▶ **YOUR GOAL**
An exact copy of all the data is needed, with every picture left out.

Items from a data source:
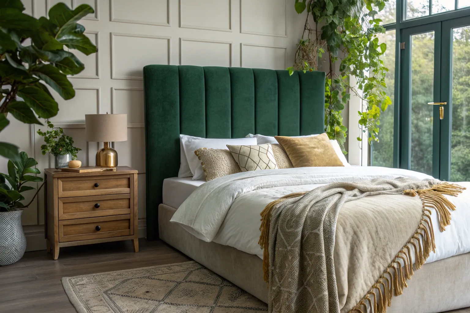 Green paired with neutrals creates a balanced and timeless bedroom aesthetic.
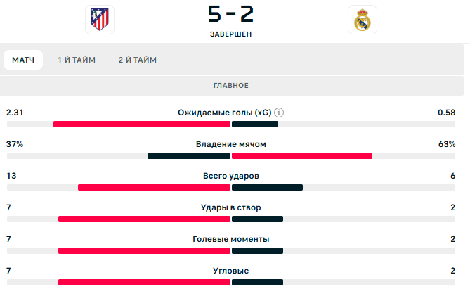«Атлетико» забил 5 голов «Реалу» в официальном матче впервые с 1950 года
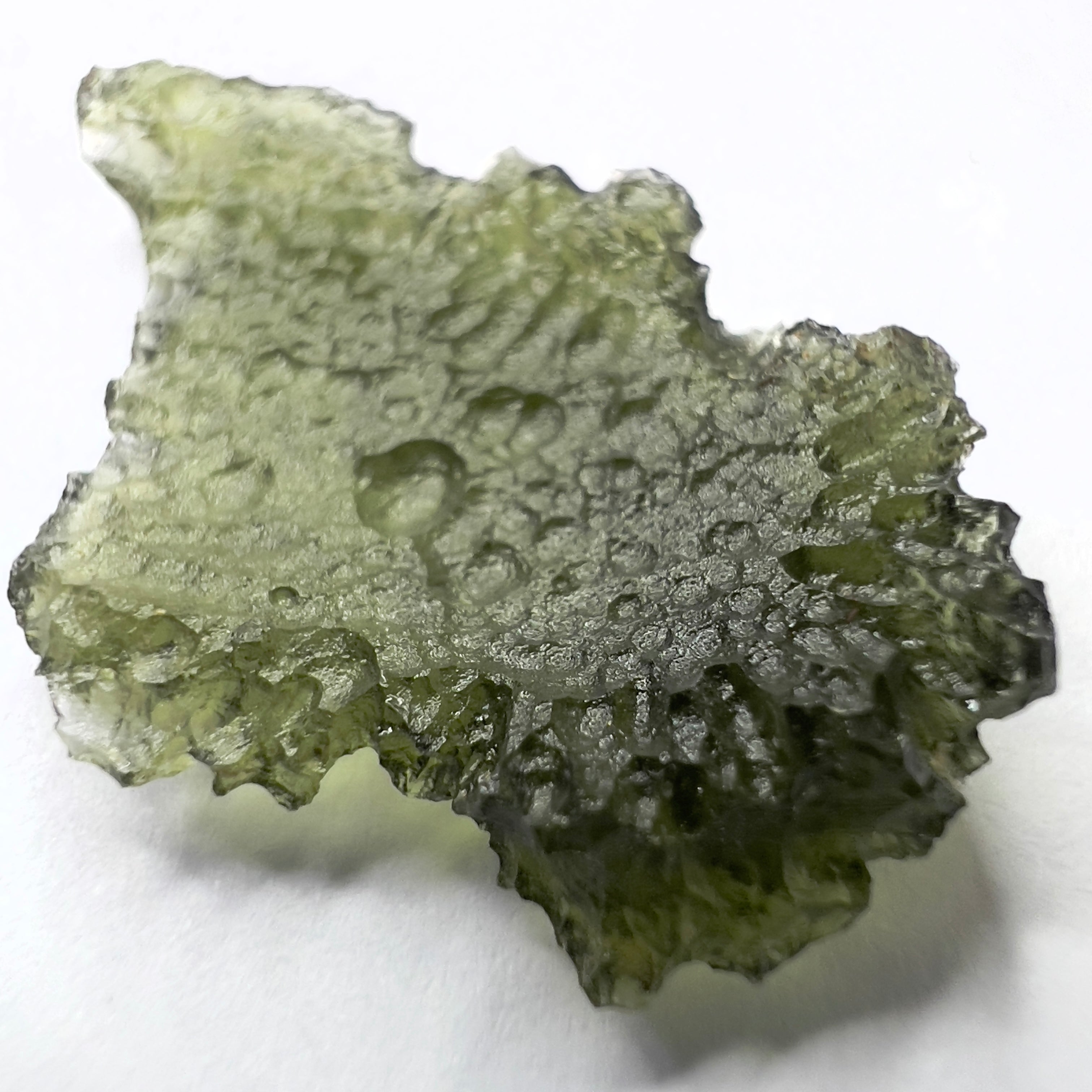 An impressive 2.28 gram Moldavite from the fertile fields of Marouskovo Pole — a locality celebrated for its character-rich surface texture and raw, earthy forms. This piece boasts a broad, organically shaped body with deep etching and captivating natural flow.
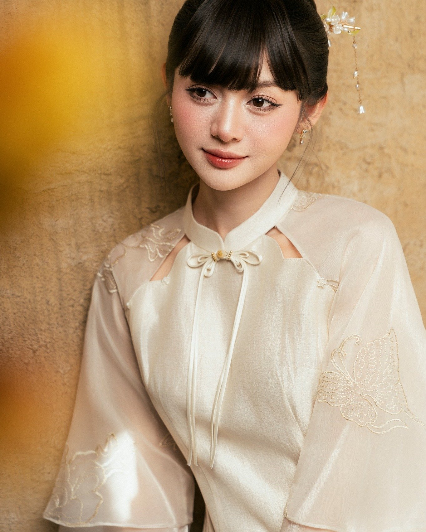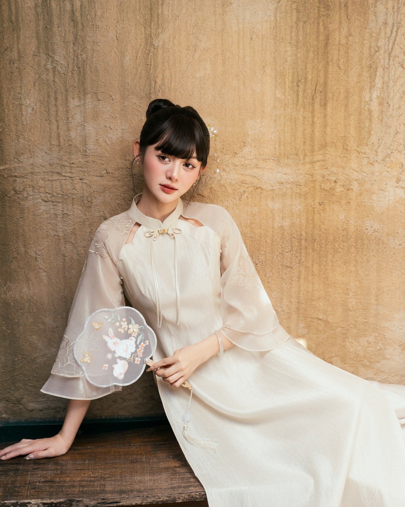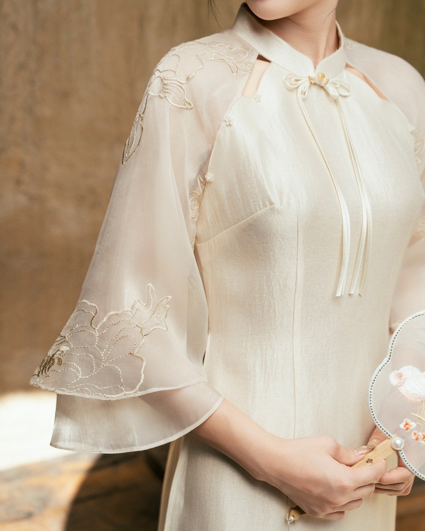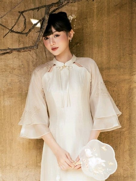 Cho Thuê Áo Dài Nữ Kem Cổ Trụ Đính Nơ Thêu Hoa Zamy
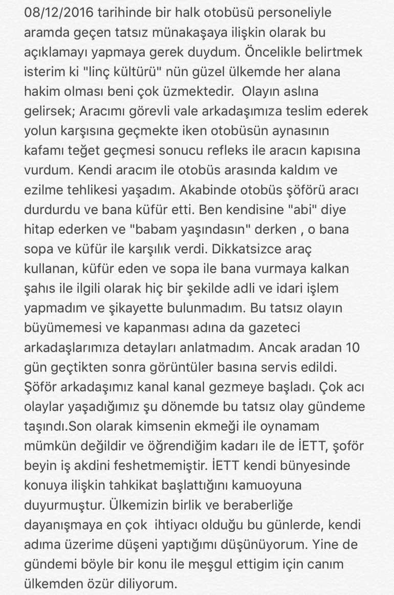 "08.12.2016 tarihinde bir halk otobüsü personeliyle aramda geçen tatsız münakaşaya ilişkin olarak bu açıklamayı yapmaya gerek duydum.
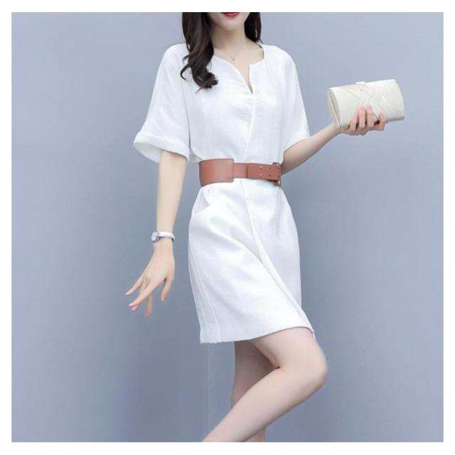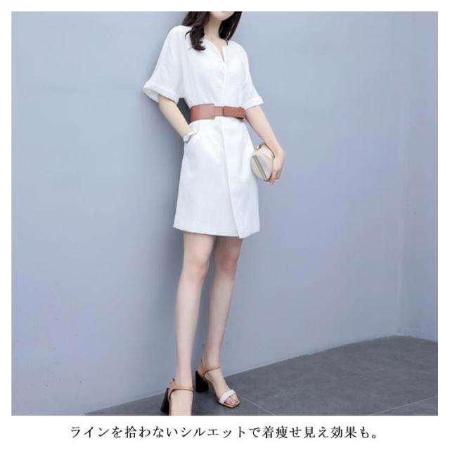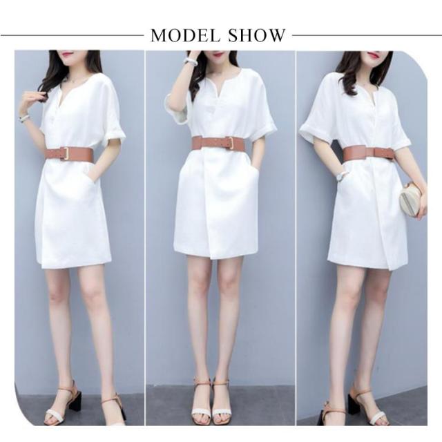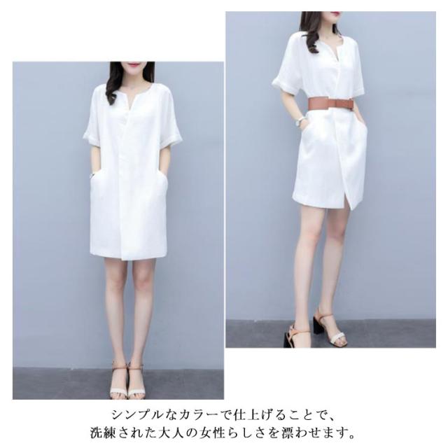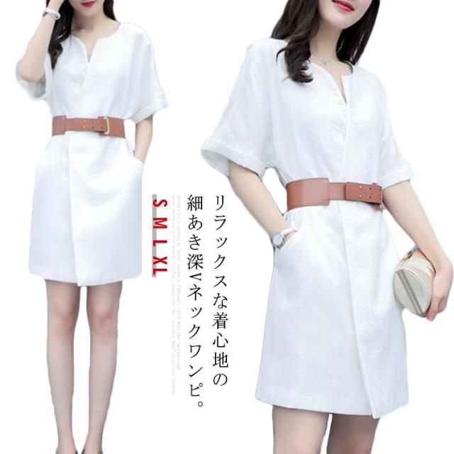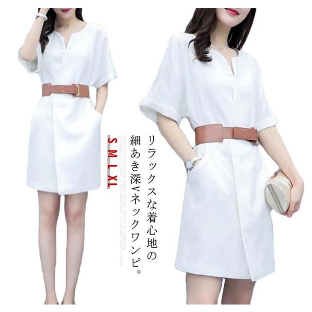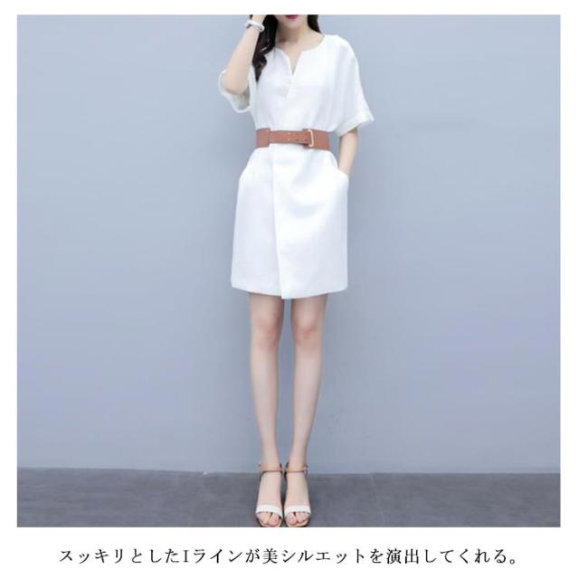 ワンピース レディース ショート丈 Vネック 半袖 無地 着痩せ 韓国風 オシャレ ベルト付き 体型カバー 大人女子 上品 通勤 シンプル オフィス

▶ **PROBLEM SOLUTION**
 Green paired with neutrals creates a balanced and timeless bedroom aesthetic.
«Атлетико» забил 5 голов «Реалу» в официальном матче впервые с 1950 года
 An impressive 2.28 gram Moldavite from the fertile fields of Marouskovo Pole — a locality celebrated for its character-rich surface texture and raw, earthy forms. This piece boasts a broad, organically shaped body with deep etching and captivating natural flow.
 Cho Thuê Áo Dài Nữ Kem Cổ Trụ Đính Nơ Thêu Hoa Zamy
 "08.12.2016 tarihinde bir halk otobüsü personeliyle aramda geçen tatsız münakaşaya ilişkin olarak bu açıklamayı yapmaya gerek duydum.
 ワンピース レディース ショート丈 Vネック 半袖 無地 着痩せ 韓国風 オシャレ ベルト付き 体型カバー 大人女子 上品 通勤 シンプル オフィス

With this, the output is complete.